Das criações mais emblemáticas está a construção de personagens inspirados em revistas e recortes de jornais, feitas no mês de setembro e só comercializados em dezembro. Constam ainda baianas, animais e figuras humanas, todas dotadas de peculiar estilística e colorido especial, fruto da técnica autoral de modelar a mão, secar ao sol, usar tintas em pó diluídas em agua, aplique de penas, douramentos, tecidos, algodão e taliscas.

A atuação de Crispina dos Santos pode ser, entre outros aspectos, referendada como uma arte implicada em leituras de mundo, oriundas da sua história de vida e traduzida nas composições figurativas que sempre a acompanharam, denotando uma escrita cultural material que transcende o espectro artesanal e sua nobre função de embelezar. As peças em questão, exaltam peculiaridades na representação do imaginário coletivo, e dão vivacidade a crônicas visuais, alçadas de um vasto repertório temático, oriundas do chamado patrimônio-acontecimento, ou seja, o entrecuzar de narrativas domésticas que se tornam coletivas pela partilha imagética e de vozes, que emergem do cotidiano e reivindicam, nas dimensões poéticas, políticas e pedagógicas, o reconhecimento, não só de reminiscências, mas sobretudo, de sujeitos sociais e o direito à valorização de suas memórias.
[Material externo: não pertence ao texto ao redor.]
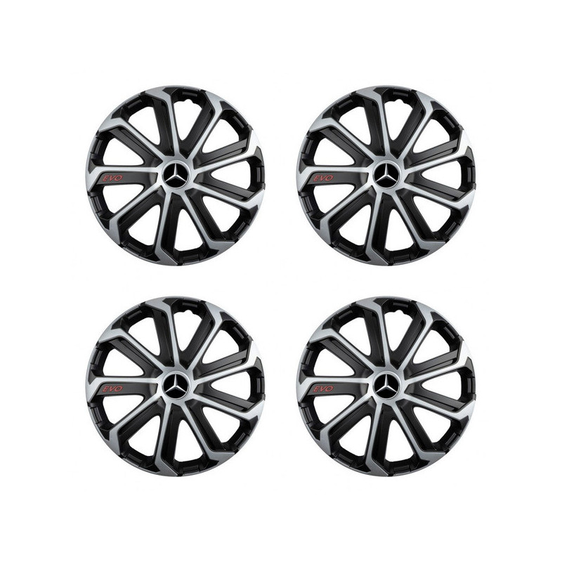 Puklice 16 Evo black&silver pre Mercedes na ocelové disky. Pre kolesá o veľkosti R16 so živicovými samolepkami Mercedes.Címzett :
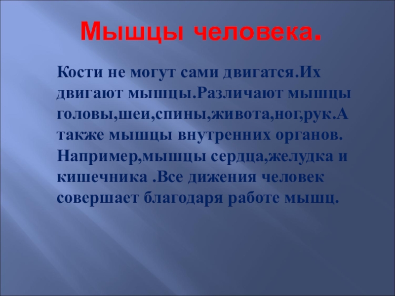 Мышцы человека.Кости не могут сами двигатся.Их двигают мышцы.Различают мышцы головы,шеи,спины,живота,ног,рук.А также мышцы внутренних органов.Например,мышцы сердца,желудка и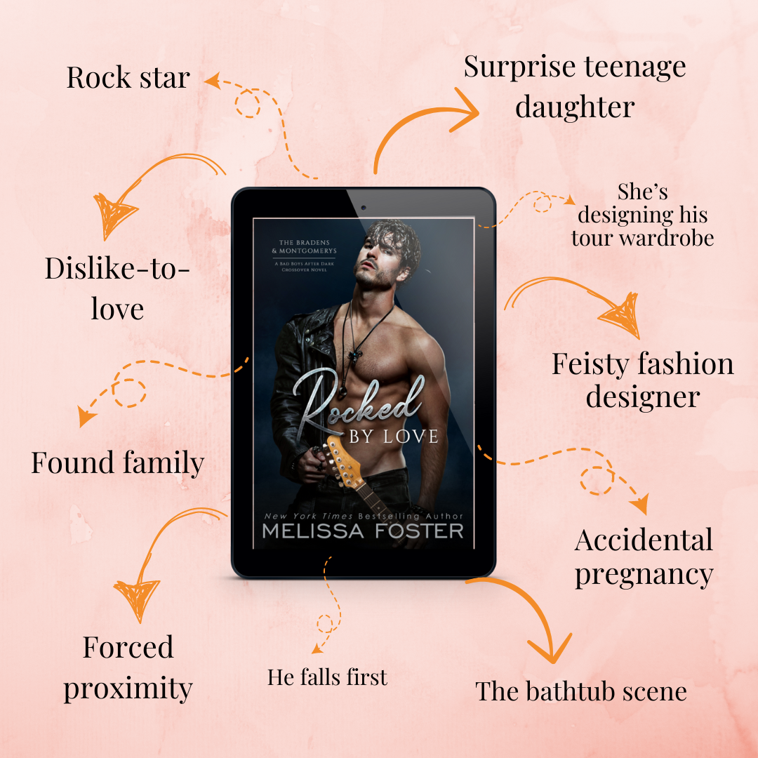 ROCKED BY LOVE - A cocky rock star with no plans of settling down. A feisty fashion designer with no time for drama. And a surprise teenage daughter who changes their worlds. (This is the tenth book in The Bradens & Montgomerys, Pleasant Hill – Oak Falls)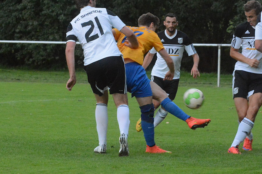 Das war 45 Minuten lang eine Bezirksliga-Vorstellung vom Feinsten: Der Koldinger SV, Tabellenführer der Staffel 3, deklassierte den Gast aus Springe. Erst nach dem vierten Tor in der 55. Minute schalteten die Gelb-Blauen merklich zurück.. Das war heute Abend ein Auftakt nach Maß: nach 30 Spielminuten führten die Gastgeber bereits 3:0, und es tut der Leistung des Koldinger SV keinen Abbruch, dass dem zweiten Treffer eine klare Abseitsposition vorausgegangen war – vielleicht ärgerlich für den FC Springe, mehr aber auch nicht.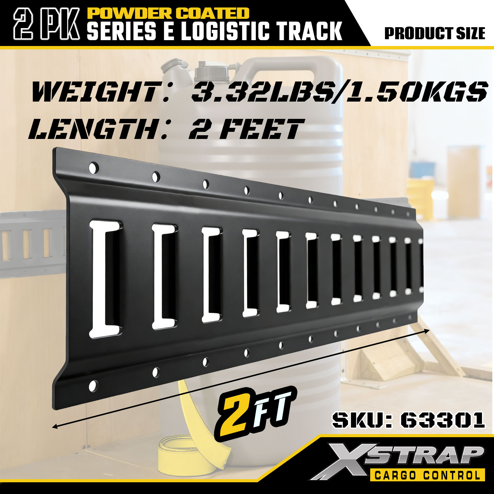 - Pembinaan Keluli Tugas Berat - Trek logistik 2 pek 2 kaki E diperbuat daripada keluli 12 tolok gred tinggi, yang mempunyai kapasiti muatan 6000 paun untuk melabuhkan aksesori pengaman kargo secara stabil semasa bergerak dan mengangkut. Kemasan kelabu menawarkan ketahanan dan rintangan kakisan untuk kegunaan jangka panjang.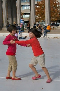 Between the speeches from various politicos and their flunkies the loud speakers would blare some catchy tune to keep the crowd up beat. The girls had a great time dancing together to the music and playing with the other kids. All the running around helped keep them warm and less whiny.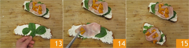 Belegen Sie dann mit jungen Spinatblättern 13, Prager Schinken und gegrilltem Kürbis 14. Der Crostone mit gegrilltem Kürbis und Robiola ist bereit, genossen zu werden 15.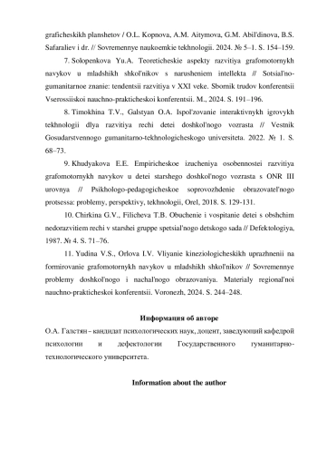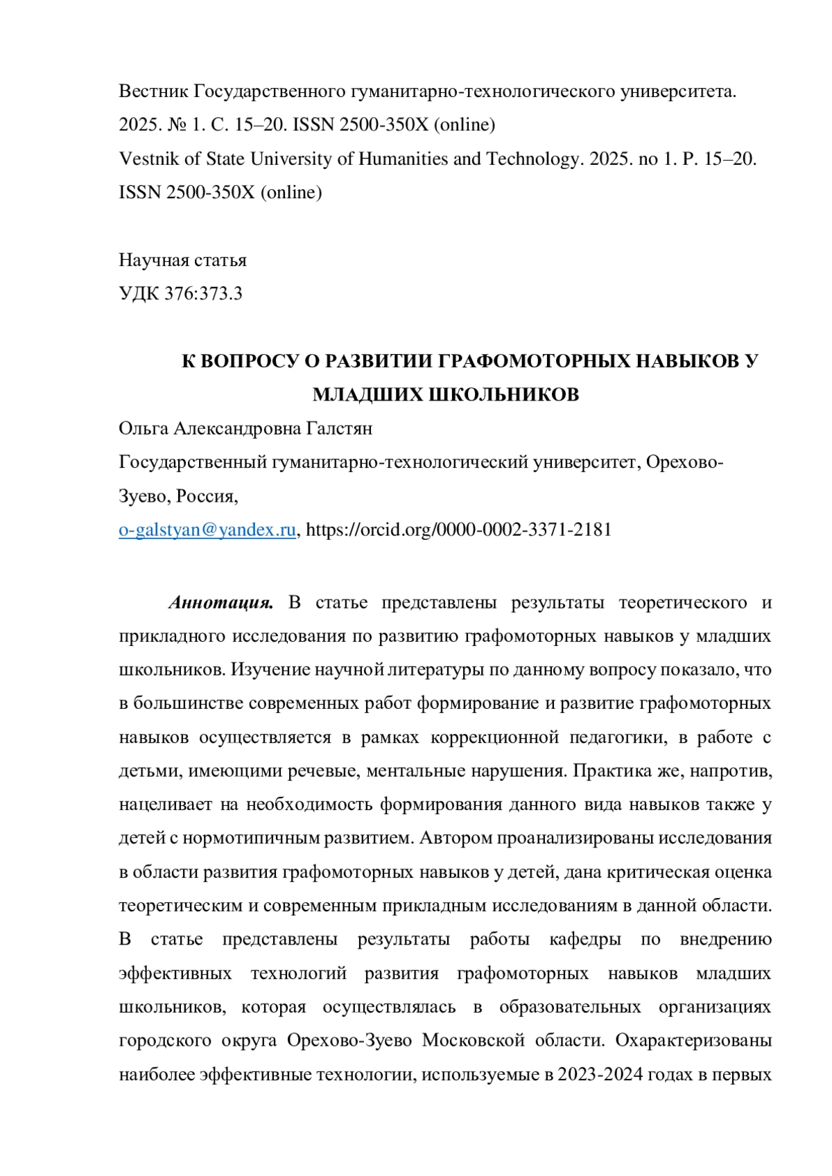2. Галстян О.А. Общее недоразвитие речи у дошкольников: синергетический подход // Вестник Государственного гуманитарно-технологического университета. 2024. № 1. С. 25-31. EDN: GODCOO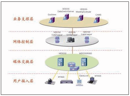 VV-SYS的業(yè)務(wù)支撐層大大增強了視訊系統(tǒng)的交互性和智能性,業(yè)務(wù)支撐層包括Quidway XE6000 MeetingScheduler會議調(diào)度系統(tǒng)、XE6300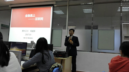 3月30日上午,中国工商银行惠州分行副行长、惠州学院客座副教授杨建荣先生在经管学院实践教学中心为15级财务管理2个班作了题为“金融遇上--互联网”的专题授课,开讲“行长每月一讲”第一讲。他从互联网对人们生活方式和商业模式的改变、金融和互联网的有机融合趋势、线上线下一体化带来银行转型发展等方面进行了详细阐述,引导学生要转变思维,适应互联网时代,充分认识加快银行互联网金融进程的时代使命,启发学生要有创新视野,进而理解当下的银行金融服务。他还通过课堂调查的方式让学生具体了解人们现在所熟悉的"微信支付"和"支付宝支付"与互联网密不可分,强调互联网改变了人们的支付习惯,使金融业的发展趋向于脱媒化、离柜化和智能化,并催生了“客户金融行为的变化导致各个行业纷纷将目光转向互联网金融领域”的新的金融格局。最后,杨行长简要介绍了工商银行“e-ICBC发展战略、重点产品体系、未来发展的方向”三大部分的线上线下一体化发展进程,指出银行不再是客户要去的地方,而是实现客户需求的方式。

O painel reflexivo sobre a obra de Crispina dos Santos no Museu Casa do Sertão é composto ainda, por duas instalações que complementam a mostra, propondo além de um encontro de gerações artísticas, utópicas subversões, tanto de ordem pictórica quanto cronológica.

A primeira, tem por base o emblemático ensaio fotográfico “O presépio sertanejo de Crispina dos Santos” realizado pelo artista e arquiteto Juraci Dórea, originalmente publicado na Légua & meia Revista de Literatura e Diversidade Cultural, UEFS (v3, n 2 2004). Em preto e branco, o registro histórico se coloca como um contraponto ao característico colorido das peças que ocupam a sala, e instigam potenciais debates sobre obra de arte, originalidade e sua reprodutibilidade.

A segunda instalação, enfoca a perspectiva da jovem Emilly Sisnando, artista visual do município de Elísio Medrado no Vale do Jiquiriçá, que inspirada em relatos pessoais, traz numa leitura lúdica, a figura infantil de Crispina e sua relação com o barro, em obras cujo ponto central são imagens compostas por borra de café e o característico “azul anil” tão explorado pela artesã. As criações fazem parte de seu projeto de pesquisa artística “Recorte do Nordeste” e foram expostas durante a pandemia nas ruas do centro de Feira de Santana, no âmbito do Projeto Favela é Isso Aí, apoiado pela Belgo Bekaert.